E capiremo come costruire, utilizzando semplici artifici proiettivi, storie in cui siano drammatizzate, poste cioè, in azione (drama in greco antico significa appunto azione) e rappresentate in forma fantastica le scene di un disagio in modo da potere su di esse agire in termini terapeutici senza traumi e rotture, con approccio sensibile e delicato, per allusioni ed accostamenti metonimici, per progressivi spostamenti di significato e soluzioni indirette, in grado di scavalcare le resistenze al cambiamento e di parlare all’intera persona il linguaggio di una possibile, felice transizione evolutiva.
Proveremo poi, se il tempo lo consente, a dare forma e struttura ad elementari dialoghi tra i personaggi creati.
E qui avremo modo di scoprire come il trattamento retorico e letterario-drammatico di materiali fabulatori può essere arricchito di ulteriori metafore di guarigione specificamente e ad arte create e come l’azione stessa del far emergere in luce, e operare per la messa in forma dei materiali emersi, sia in sé un atto di altissimo valore “terapeutico” (vedrete che uso sempre la parola con qualche imbarazzo: preferisco “armonizzante e integrante ad un livello di coscienza superiore e più evoluto”). Il lavoro per il perfezionamento della forma, poi, è straordinario in tal senso: implica un impegno in direzione della bellezza, dell’euritmica, dell’eufonica. La forma, la bellezza in quanto tali, consolano, placano, illuminano, addolciscono, rasserenano, danno gioia, restituiscono potenza e saggezza, aiutano a trascendere l’ego.
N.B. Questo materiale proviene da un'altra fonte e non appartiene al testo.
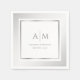 Des serviettes en papier mariage minimalistes, mais élégantes et monogrammées, avec un cadre en argent entourant tous les détails importants de l'événement. Ces serviettes en argent peuvent être facilement personnalisées à un mariage, 25e anniversaire de mariage, ou une fête d'anniversaire, par exemple.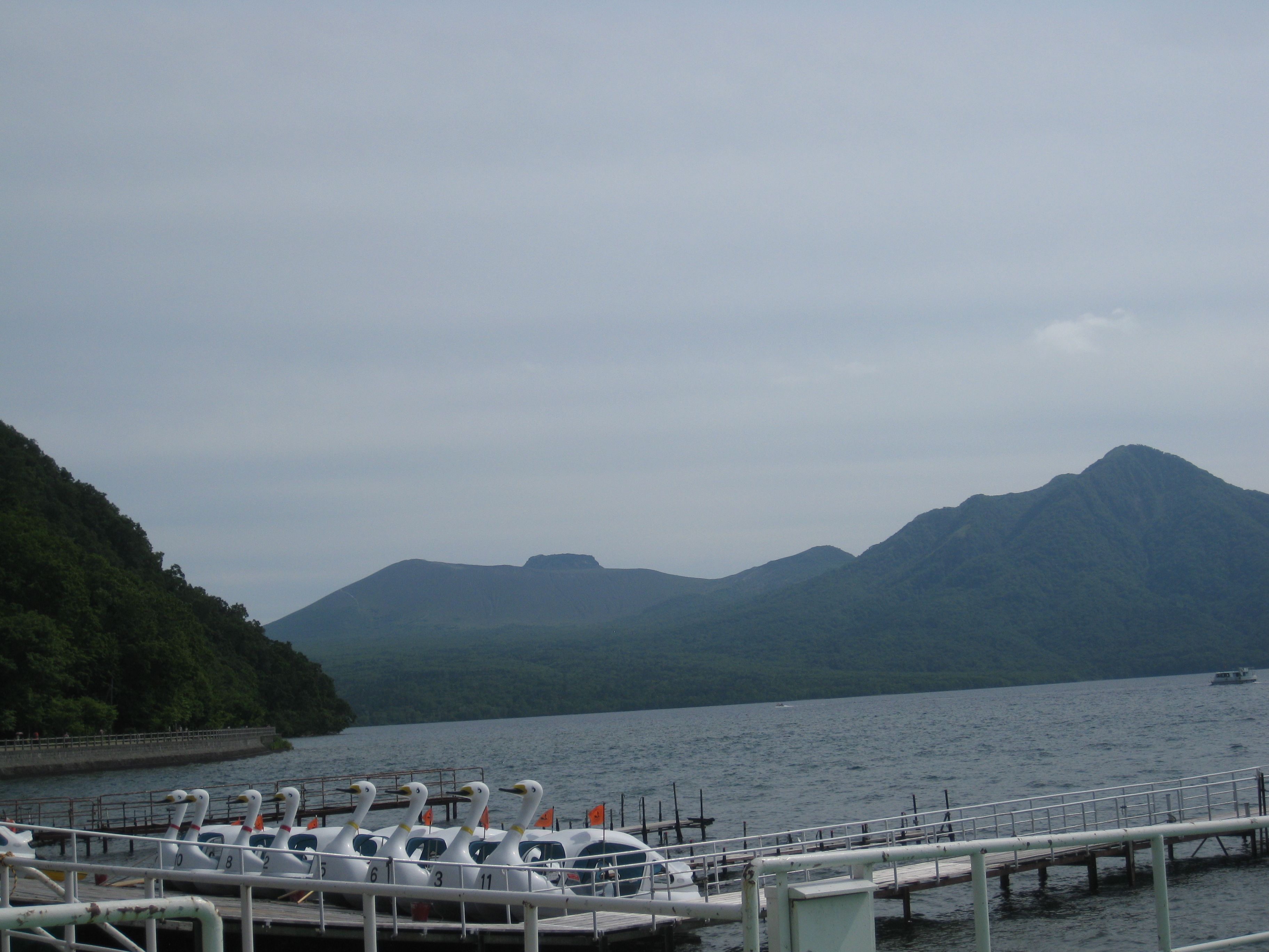 7合目まで車で入ることができ、支笏湖を背中に1時間ほどで山頂にたつことができる。活火山である樽前山は、白い噴煙が上がり硫黄の臭いもしている。上部には噴火でできたドームが黒く見える。このドームが支笏湖湖畔より見ると『樽』のように見ることができる。これが名前の由来かなと勝手に3人で想像しながらソフトクリームを頂く。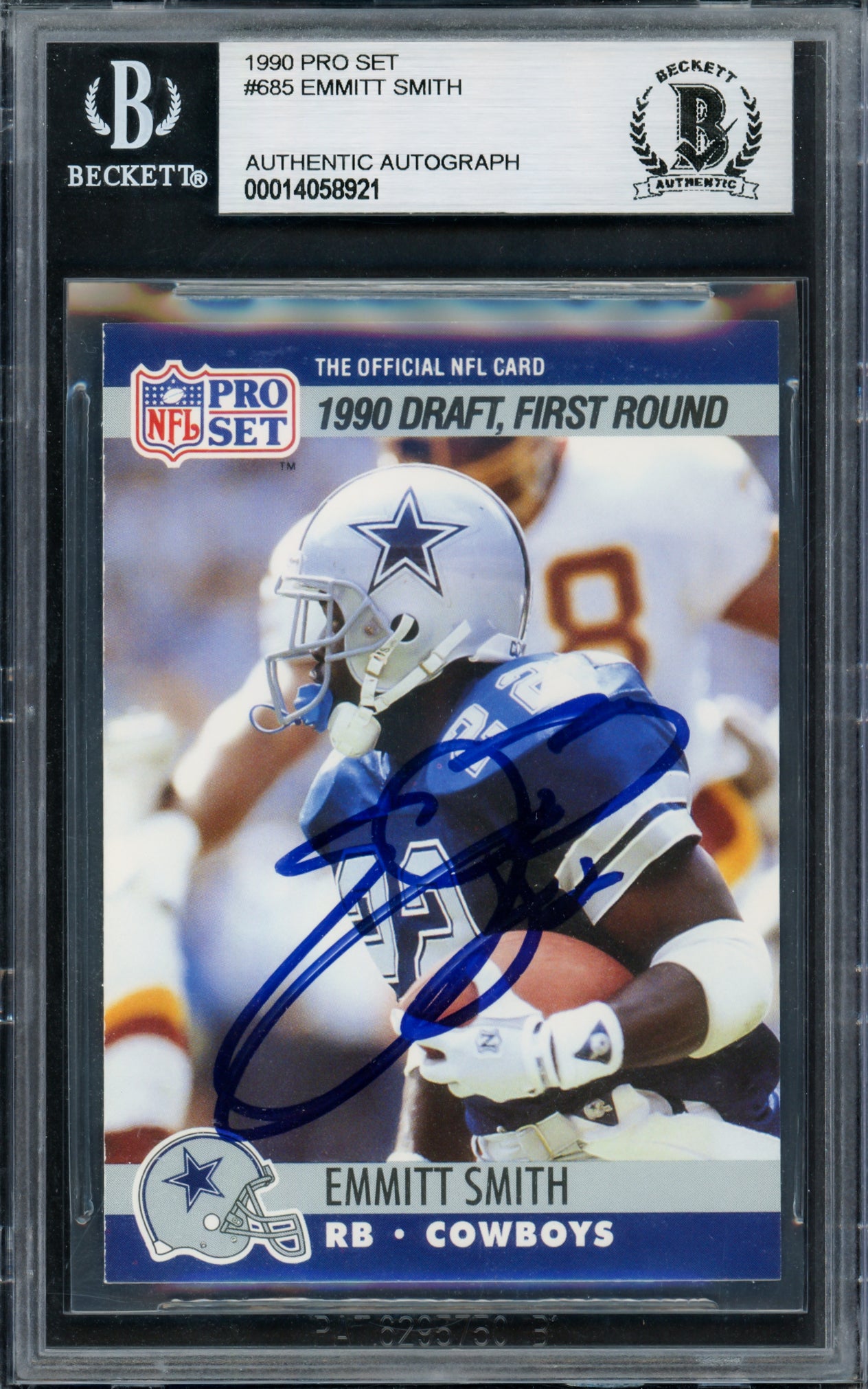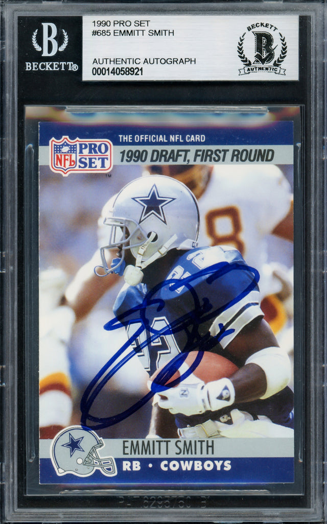 Emmitt Smith Autographed 1990 Pro Set Rookie Card #685 Dallas Cowboys Beckett BAS #14058921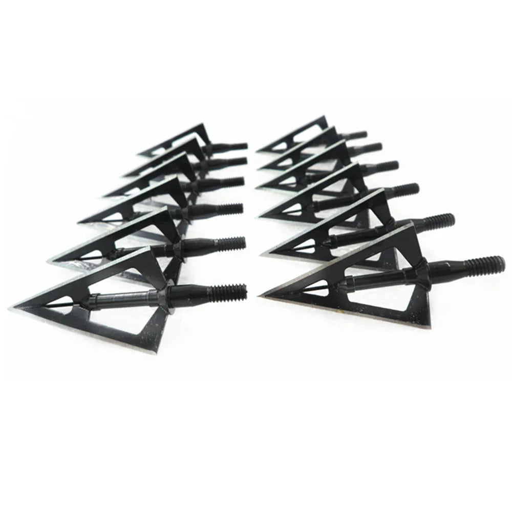 3 6 12 24 60pcs Broadheads Hunting 3 Blades Arrowheads Black Tip Steel For Bow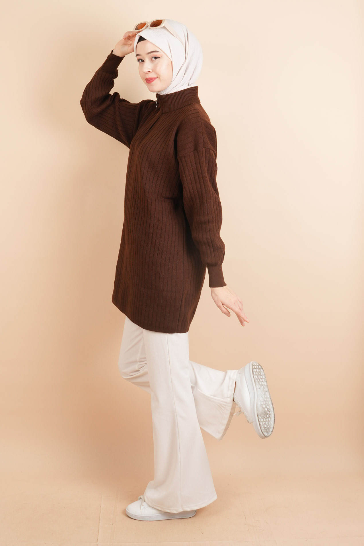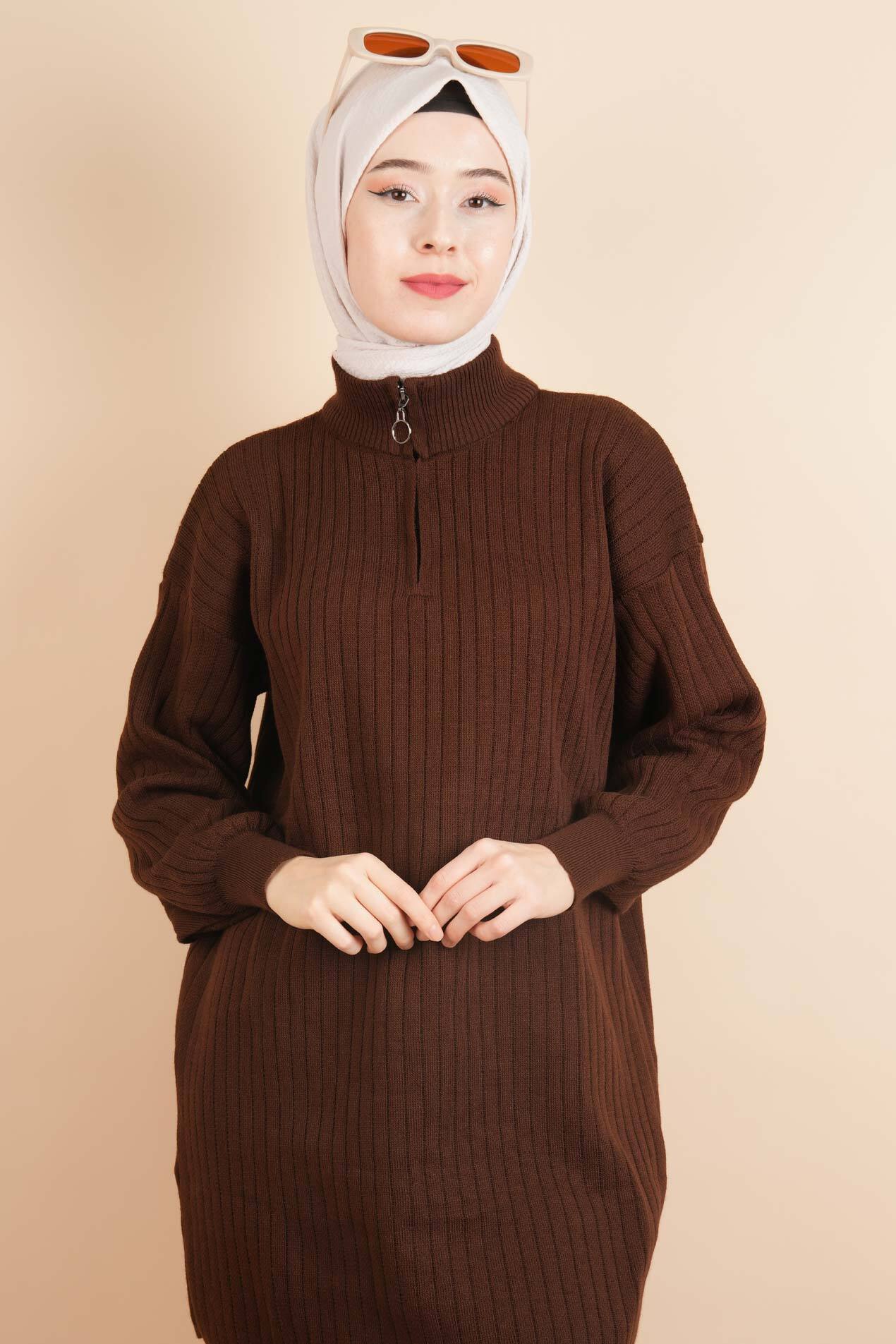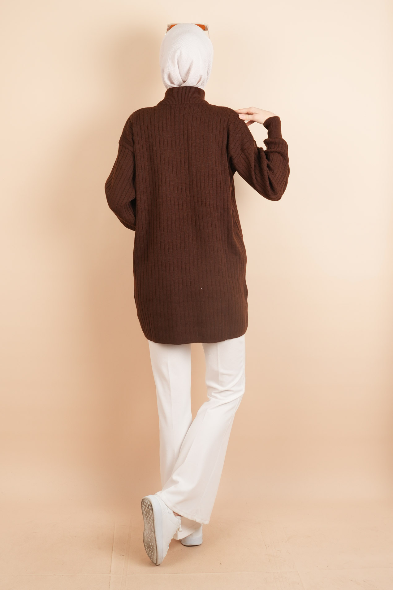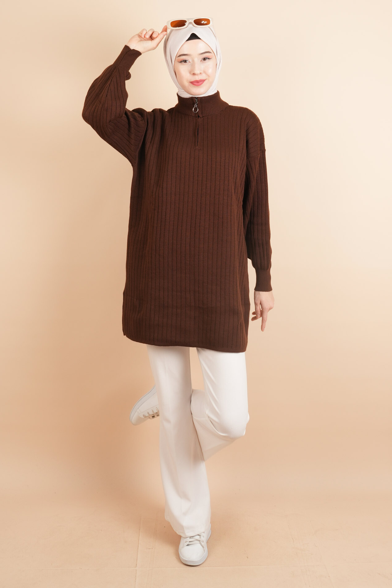 Fermuarlı Yarım Hakim Yaka Dik Fitilli Tunik Kazak Kahverengi

Ma basta con la teoria: passiamo ora direttamente all’azione.
Insieme, dunque, ora faremo una breve esperienza di un training di rilassamento e rigenerazione energetica e avvieremo un percorso di analisi e creazione di una storia fantastica da mettere, successivamente, in scena.
Insieme. In spirito di co-operazione. In semplicità e senza giudizi di sorta.
Siamo tra amici.
Dunque, vi prego di alzarvi e di seguirmi…..: all’opera!